■ Task item: Please give back the lines from the line containing "2 Hartmut Wächtler" through the end of the listing below, exactly as written and without pictures.
++++++++++
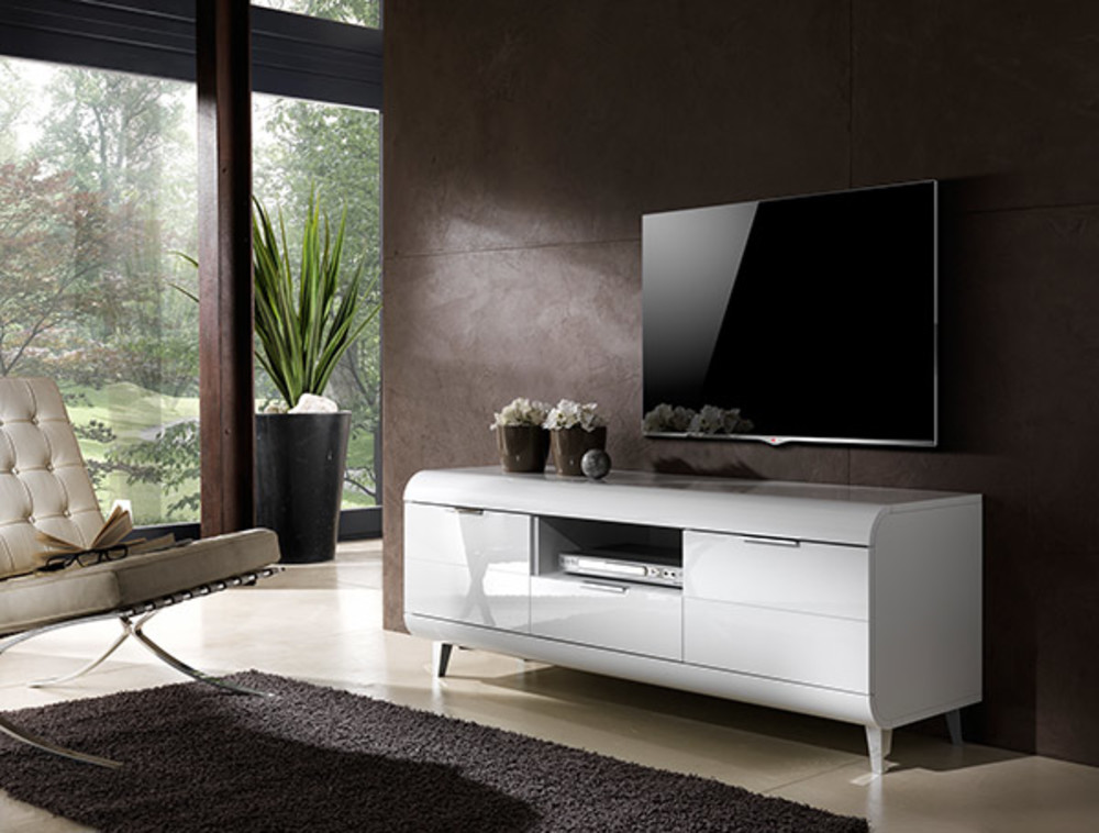 Meuble tv hifi lumineux laque blanc 3 portes 1 tiroir funky. Fidele au style chic il arbore des details de finition peu ordinaires.
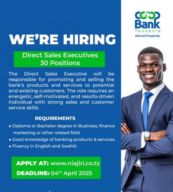 Nafasi 30 za Kazi Coop Bank Tanzania, March 2025 1 year agoby admin Jiunge Nasi WhatsApp Join WhatsApp Group Related posts: Nafasi za Kazi Shirika la Save the Children 2025 Nafasi 58 za Kazi ya Mkataba Wilaya ya Tanganyika 2025 Nafasi za Kazi Johari Rotana Hotel March 2025 Nafasi za Kazi International Organization for Migration (IOM) March 2025 Nafasi za Kazi SBA Communications March 2025 FacebookXWhatsApp
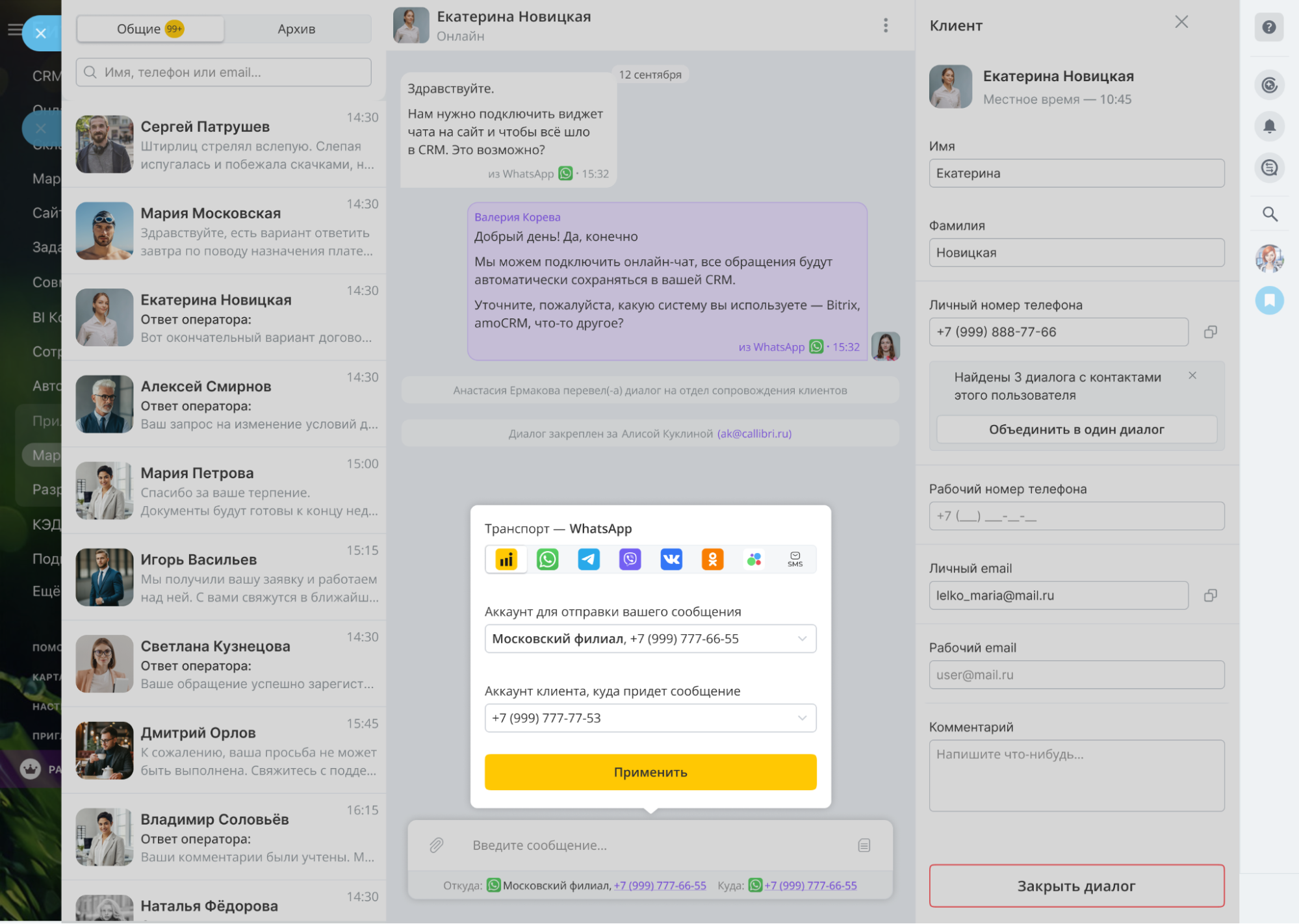 То же самое работает, если у каждого оператора отдельный профиль WhatsApp.Открываете диалог, отправляете сообщение — и оно уходит с того аккаунта, который использовался в прошлый раз.
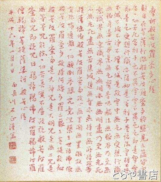 川又南岳色紙 「摩訶般若波羅密多心経」朱筆
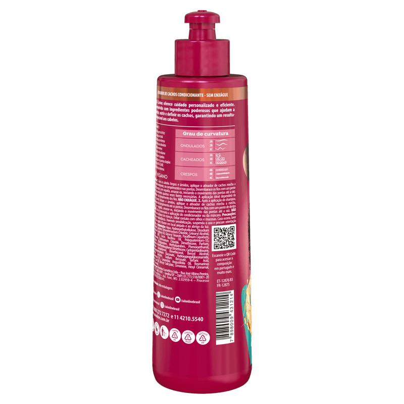 O Ativador de Cachos SOS Cachos 10 em 1 Multibenefícios 300ml é enriquecido com microqueratina, silicone e proteína do arroz, ativos potentes para um tratamento eficaz. Essa poderosa combinação recupera, trata e reconstrói os fios danificados. Definição intensa, fios 5 x mais reparados e brilho extremo.
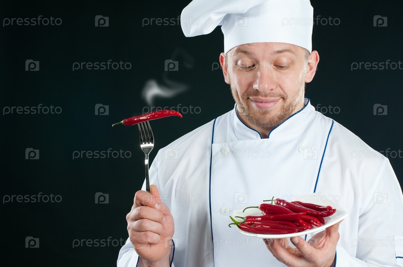 Шеф-повар с тарелкой перцев чили на темном фоне
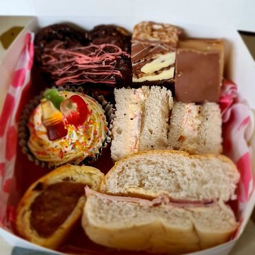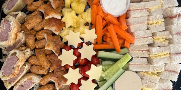 Full children’s buffet platter - triangle sandwiches (no crusts) - jam, ham and cheese, homemade sausage roll, carrot and cucumber sticks, mini pizza, cocktail sausages, mini tray bake and cupcake.
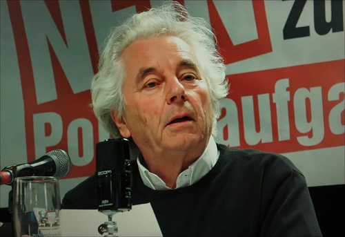 2 Hartmut Wächtler spricht am 3. Mai 2018 im „EineWelthaus“ über das Polizeiaufgabengesetz, das nichts anderes sei als Ausfluss von Angst und Kontrollwahn. Foto: Jessica di Rovereto
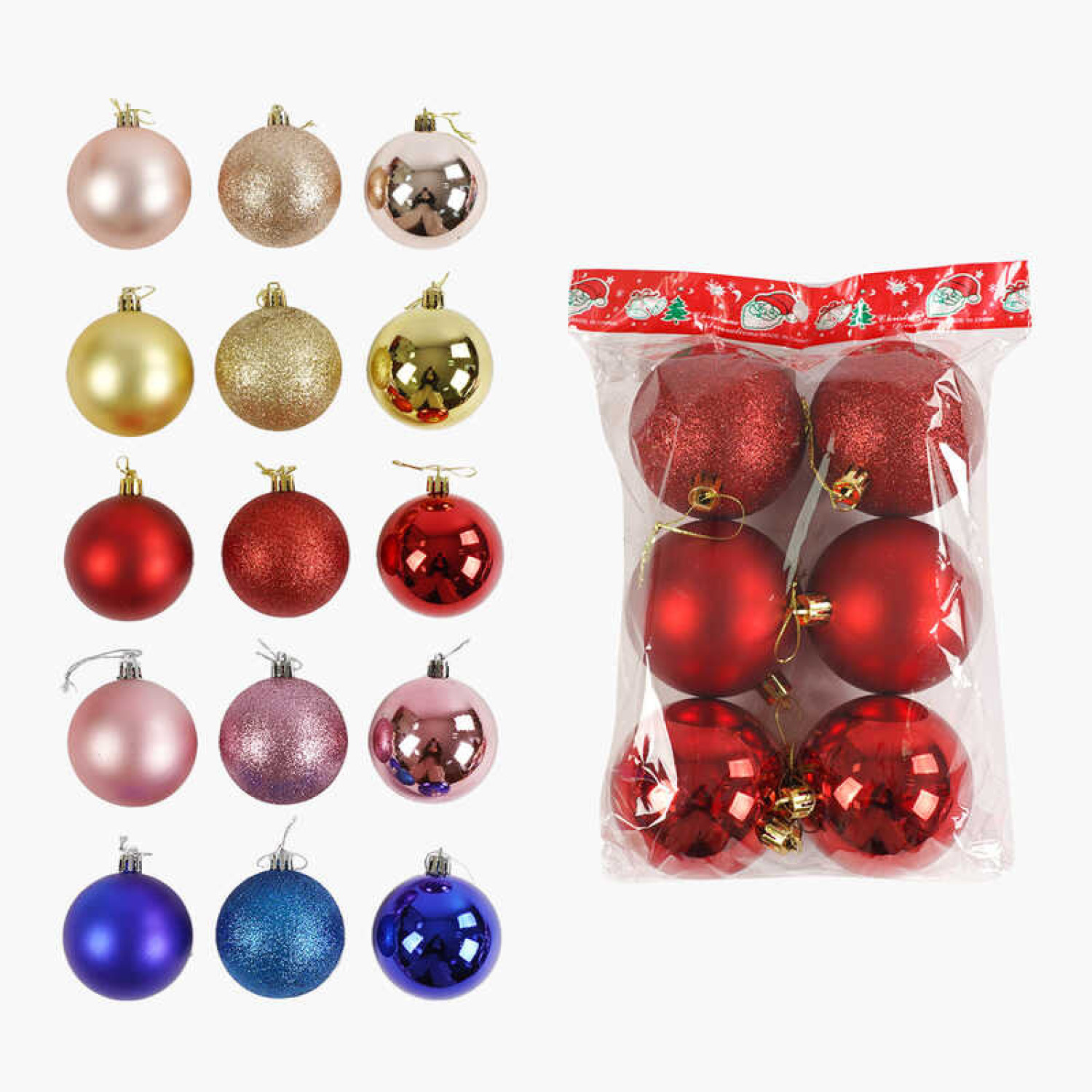 Новорічні прикраси 5 видів, кульки, 6 штук, D=7 см, у п/е, МІКС ВИДІВ /100/
++++++++++
■ Result of this exercise:
 2 Hartmut Wächtler spricht am 3. Mai 2018 im „EineWelthaus“ über das Polizeiaufgabengesetz, das nichts anderes sei als Ausfluss von Angst und Kontrollwahn. Foto: Jessica di Rovereto
 Новорічні прикраси 5 видів, кульки, 6 штук, D=7 см, у п/е, МІКС ВИДІВ /100/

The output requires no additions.